Die "Hasen" gaben von Anfang an eine flotte Fahrt vor, die Girma Tola und James Kipketer, ein Kenianer, der als sein Hauptkonkurrent gehandelt wurde, bereitwillig annahmen. "Girma Tola", hatte Getaneh Tessema, Ehemann von Gete Wami, vorher prophezeit, "ist prima in Form."
Getaneh Tessema, früher selber ein Läufer der Extraklasse und heute einer der engsten Mitarbeiter von Jos Hermens, behielt Recht. Scheinbar mühelos absolvierte Girma Tola die erste Hälfte in 1:04:35 Stunden. Da war James Kipketer schon abgefallen. Luke Kibet drückte unablässig aufs Tempo. Girma Tola legte sich in seinen Windschatten und lauschte den Anweisungen von Jos Hermens, der auf dem Sozius eines Motorrads die Spitze begleitete.
Luke Kibet, der Schlingel
Luke Kibet, der Schlingel, den Hermens nur als "Pacemaker" verpflichtet hatte, dachte jedoch gar nicht daran, das Rennen wie vereinbart nach 30 Kilometern zu beenden. Er rannte auf eigene Faust weiter und riss mit einer resoluten Steigerung sofort ein Loch zwischen sich und seinen Begleiter, der sichtlich perplex war. Jos Hermens redete auf ihn ein, sprach ihm Mut zu und feuerte ihn pausenlos an. "Go on", rief er ihm lauthals zu, "faster, faster."

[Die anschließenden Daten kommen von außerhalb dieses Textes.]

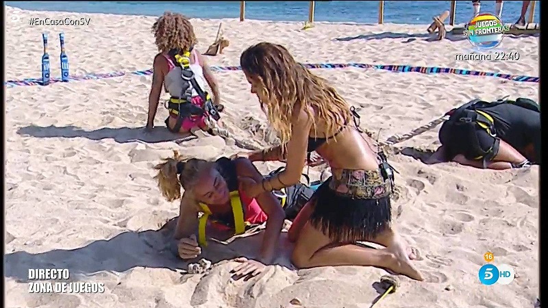 En esta ocasión, Ana María Aldón intentó tirar con todas sus fuerzas sin conseguir moverse del sitio. La mujer de Ortega Cano aguantaba el empuje de sus adversarias mientras gritaba de dolor, pero ella no se rendía aunque estuviera viendo las estrellas. Cuando la prueba finalizó, Ana María no se podía mover y el médico la tuvo que examinar sobre la arena. Afortunadamente, no tuvo ninguna lesión y se coronó como la ganadora de la prueba al haber conseguido moverse una mayor distancia.

Viel schneller wurde er zwar nicht. Dennoch kam Girma Tola näher und näher, weil Luke Kibet sich bei seinem Ausreißversuch übernommen hatte. Er schwächelte und ließ Girma Tola kurz hinter der 40-Kilometer-Marke ohne jedwede Gegenwehr passieren.
Die letzten Meter auf der schmalen Zielgeraden waren für Girma Tola, 1999 noch WM-Vierter über 10.000 Meter, ein einziger Triumphzug. Eingehüllt vom brausenden Applaus der Zuschauer, die links und rechts hinter den Barrieren standen, stürmte er durchs Zielband. 2:10:33! Das waren die Zahlen auf der elektronischen Uhr. Damit war der 15 Jahre ale Streckenrekord (2:10:57 h) geknackt. Endlich!
Rekord war fällig
"Das wurde auch Zeit", meinte ten Kate, der Lokalmatador, der den neuen Kurs mit der Schleife durchs deutsche Städtchen Gronau ausgetüftelt hatte, und überreichte seinem Nachfolger einen Riesenstrauß Blumen. "Glückwunsch", lobte er Girma Tola, "der Rekord war überfällig."
Girma Tola hockte sich erst mal auf den kalten Boden. Geschafft war er, aber happy. Auch über den anschließenden Geldsegen, denn 5.000 Euro Prämie sind sehr viel Geld für ihn, der aus Äthiopien stammt, einem der Armenhäuser auf diesem Erdball.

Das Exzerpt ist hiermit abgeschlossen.